耳嚢 巻之十 非情といへども松樹不思議の事

 非情といへども松樹不思議の事

 

 文化八年芝邊大火ありて、增上寺もあやふく囘祿を遁れしに、火除(ひよけ)として、右最寄(もより)上ケ地(あげち)となりて、屋敷は町家となり、町家は屋鋪(やしき)に渡り、火除とて空地(あきち)になりし所もある、そが中に御先手(おさきて)を勤(つとめ)し能勢(のせ)某(なにがし)といへる屋鋪もあがりて市谷邊へ引移(ひきうつ)りけるが、彼(かの)元やしきは半ば山にて、右山は片目蛇(かんたち)山と唱へ、古く蛇の住(すめ)る由を傳へ、何もあしき事はなけれど、右山上は久しく火災をまぬかれ、先年の火災にも、多く右の所にて助(たすけ)をうけしと傳へぬ。又大木の松ひともとあり、枝葉繁茂して中々見所も多ければ、是まで斧鉞(ふえつ)のうれひもなかりしが、此度は伐(きり)もせんと相談の所、むかふなる屋鋪にて是を望み、何卒貰ひうけんとの事故(ゆゑ)、伐捨(きりすて)んも無慙(むざん)なれは、幸ひなりとて能勢氏も承諾して、人夫をかけ根を掘りかゝり漸く根を廻しけるに、一夜の内に元の如く土に埋(うま)り、中々動す事もなりがたし。殊のふ人夫もつかれ、これは伐(きら)んより外あるべからずとみなみな手を引(ひき)ければ、能勢氏是を聞(きき)て、かの所へ至り、年久敷(ひさしく)有(あり)し松、外へ移(うつら)んは心うかるべけれども、我とても外へうつればせんかたなし、幸(さひはひ)に愛すべき人近くありて、引(ひか)ん事を望(のぞま)れし故に、掘動(ほりうごか)すなり、しかれども兎角日數(ひかず)をつみても動かざれば、詮かたなく伐(きり)もすべし、さありては無慙なれば、あすは快く移るべしと教諭(きようゆ)なしけるに、不思議にも其あけの日は事なく望(のぞみ)し人の屋敷に移りしとなり。

 

□やぶちゃん注

○前項連関:怪異譚から植物妖異譚で連関。

・「文化八年芝邊大火」底本の鈴木氏注に、『文化八年二月十一日、今の午後四時市谷谷町念仏坂より出火して、赤羽まで焼失し、死者も二百人程ありし、其の時の事なるべし。(三村翁)』とある。文化八年二月十一日はグレゴリオ暦一八一一年三月五日。まだ薄ら寒い時節であったと思われる。「卷之十」の記載の推定下限は文化一一(一八一四)年六月。
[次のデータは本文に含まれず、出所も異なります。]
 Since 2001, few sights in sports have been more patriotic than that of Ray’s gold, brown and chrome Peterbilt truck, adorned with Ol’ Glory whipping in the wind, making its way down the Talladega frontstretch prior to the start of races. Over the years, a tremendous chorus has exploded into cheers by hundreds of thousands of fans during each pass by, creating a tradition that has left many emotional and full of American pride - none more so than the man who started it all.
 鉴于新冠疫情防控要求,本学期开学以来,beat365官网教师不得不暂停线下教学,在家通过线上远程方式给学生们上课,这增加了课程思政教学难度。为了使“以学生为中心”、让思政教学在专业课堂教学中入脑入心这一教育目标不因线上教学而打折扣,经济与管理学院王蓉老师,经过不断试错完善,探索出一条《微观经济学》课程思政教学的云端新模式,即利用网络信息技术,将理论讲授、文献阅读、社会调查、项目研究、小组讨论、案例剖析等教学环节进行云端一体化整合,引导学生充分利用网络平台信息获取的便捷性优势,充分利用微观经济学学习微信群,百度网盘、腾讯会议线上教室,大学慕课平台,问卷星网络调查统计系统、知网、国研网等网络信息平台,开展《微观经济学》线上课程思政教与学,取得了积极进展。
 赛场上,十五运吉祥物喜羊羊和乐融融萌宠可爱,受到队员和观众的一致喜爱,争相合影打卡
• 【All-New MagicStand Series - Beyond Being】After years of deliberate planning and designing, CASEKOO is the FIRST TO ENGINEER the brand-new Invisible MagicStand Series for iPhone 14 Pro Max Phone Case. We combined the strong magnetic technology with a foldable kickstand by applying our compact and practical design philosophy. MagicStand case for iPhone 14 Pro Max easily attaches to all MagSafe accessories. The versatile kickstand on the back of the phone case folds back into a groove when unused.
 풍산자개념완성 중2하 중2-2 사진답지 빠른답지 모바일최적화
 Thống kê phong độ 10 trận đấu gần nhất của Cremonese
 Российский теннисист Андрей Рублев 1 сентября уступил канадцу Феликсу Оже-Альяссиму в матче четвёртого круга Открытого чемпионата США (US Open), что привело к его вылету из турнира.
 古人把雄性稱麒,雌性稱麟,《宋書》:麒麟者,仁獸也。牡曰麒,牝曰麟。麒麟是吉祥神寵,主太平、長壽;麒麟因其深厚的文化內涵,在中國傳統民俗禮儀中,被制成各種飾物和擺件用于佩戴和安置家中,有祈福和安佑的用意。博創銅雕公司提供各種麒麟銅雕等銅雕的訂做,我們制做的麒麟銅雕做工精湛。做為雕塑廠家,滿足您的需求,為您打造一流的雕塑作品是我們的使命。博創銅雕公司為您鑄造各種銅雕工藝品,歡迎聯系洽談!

・「火除」底本の鈴木氏注に、『火除地。防火用に設ける空地。火除地に指定された屋敷や町屋は公収され(上ゲ地)、替地を与えられる』とある。ウィキの「火除地」によれば、江戸幕府が明暦三年一月十八日(グレゴリオ暦一六五七年三月二日)から一月二十日に及んだ『明暦の大火をきっかけに江戸に設置した防火用の空地。広義では、同様の趣旨を持った街路である広小路なども含まれる。このため、狭義の火除地を火除明地(ひよけあきち)と呼んで区別する場合もある』。『江戸の急速な発展により火災の危険が増大したとして、その延焼防止のために火除地を作る構想は早くから存在したとされているが、実際に実行されたのは明暦の大火による甚大な被害の後であった。同大火後に焼け跡5ヶ所を火除地に充てた他、以後も主として江戸城への類焼を防止する観点から江戸城の北西側を中心に少しずつ増やされて享保年間には13ヶ所にも増大された』。『ただし、火除地は単なる空地だったわけではなく、火除地の機能を損なわない範囲内で公私に利用を許すこともあった。このため、幕府の薬園や馬場、小規模な露店並びが設置されている例も存在した』とある。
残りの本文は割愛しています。